> Directions for this task
In the listing below, a line holding "学校9月8日下午隆重集会,庆" and a line holding "Big Blue Moma" mark the range. Retype both exactly, with all lines between them.
#### Information provided
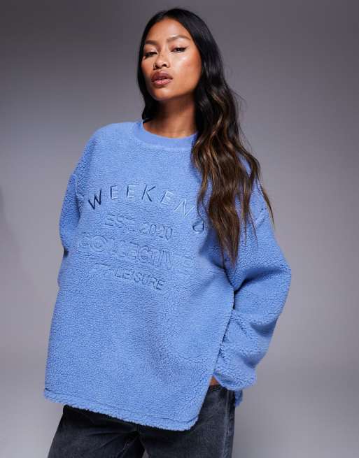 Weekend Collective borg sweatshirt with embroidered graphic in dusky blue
########
#### Information provided
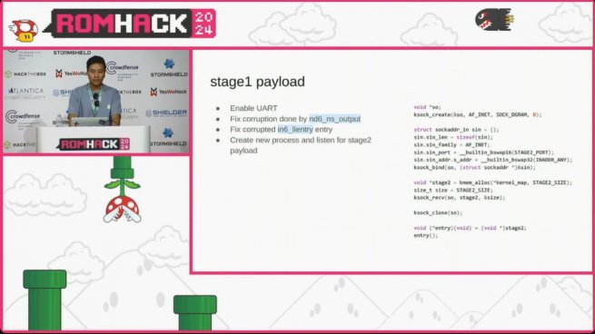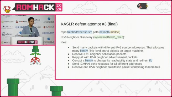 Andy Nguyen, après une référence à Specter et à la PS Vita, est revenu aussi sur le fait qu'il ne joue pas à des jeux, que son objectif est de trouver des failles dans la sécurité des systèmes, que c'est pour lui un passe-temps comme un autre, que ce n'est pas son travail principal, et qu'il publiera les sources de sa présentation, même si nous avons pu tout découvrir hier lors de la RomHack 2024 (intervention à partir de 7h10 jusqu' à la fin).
########
#### Information provided
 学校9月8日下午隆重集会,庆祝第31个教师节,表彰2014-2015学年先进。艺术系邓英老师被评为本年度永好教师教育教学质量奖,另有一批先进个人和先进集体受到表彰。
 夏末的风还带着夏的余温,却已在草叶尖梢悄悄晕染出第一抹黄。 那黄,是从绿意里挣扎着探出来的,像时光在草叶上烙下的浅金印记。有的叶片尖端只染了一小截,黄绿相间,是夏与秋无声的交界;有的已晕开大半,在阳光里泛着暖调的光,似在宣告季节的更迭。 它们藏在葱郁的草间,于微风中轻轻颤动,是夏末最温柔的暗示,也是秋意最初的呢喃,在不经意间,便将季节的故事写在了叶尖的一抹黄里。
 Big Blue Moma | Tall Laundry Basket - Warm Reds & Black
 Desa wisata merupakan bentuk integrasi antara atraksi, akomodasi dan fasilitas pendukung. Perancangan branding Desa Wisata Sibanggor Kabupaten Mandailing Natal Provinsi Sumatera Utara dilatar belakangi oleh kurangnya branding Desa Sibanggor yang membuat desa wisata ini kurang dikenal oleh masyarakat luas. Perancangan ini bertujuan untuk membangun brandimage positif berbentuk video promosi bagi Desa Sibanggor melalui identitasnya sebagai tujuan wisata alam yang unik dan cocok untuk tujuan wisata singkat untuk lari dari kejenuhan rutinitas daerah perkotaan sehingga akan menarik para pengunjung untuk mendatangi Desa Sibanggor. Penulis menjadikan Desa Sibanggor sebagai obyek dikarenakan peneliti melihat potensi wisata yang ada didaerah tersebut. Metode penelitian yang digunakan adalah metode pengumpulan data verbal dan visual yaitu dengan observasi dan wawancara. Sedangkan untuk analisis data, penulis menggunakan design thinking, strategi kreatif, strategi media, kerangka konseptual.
########
> Solution
 学校9月8日下午隆重集会,庆祝第31个教师节,表彰2014-2015学年先进。艺术系邓英老师被评为本年度永好教师教育教学质量奖,另有一批先进个人和先进集体受到表彰。
 夏末的风还带着夏的余温,却已在草叶尖梢悄悄晕染出第一抹黄。 那黄,是从绿意里挣扎着探出来的,像时光在草叶上烙下的浅金印记。有的叶片尖端只染了一小截,黄绿相间,是夏与秋无声的交界;有的已晕开大半,在阳光里泛着暖调的光,似在宣告季节的更迭。 它们藏在葱郁的草间,于微风中轻轻颤动,是夏末最温柔的暗示,也是秋意最初的呢喃,在不经意间,便将季节的故事写在了叶尖的一抹黄里。
 Big Blue Moma | Tall Laundry Basket - Warm Reds & Black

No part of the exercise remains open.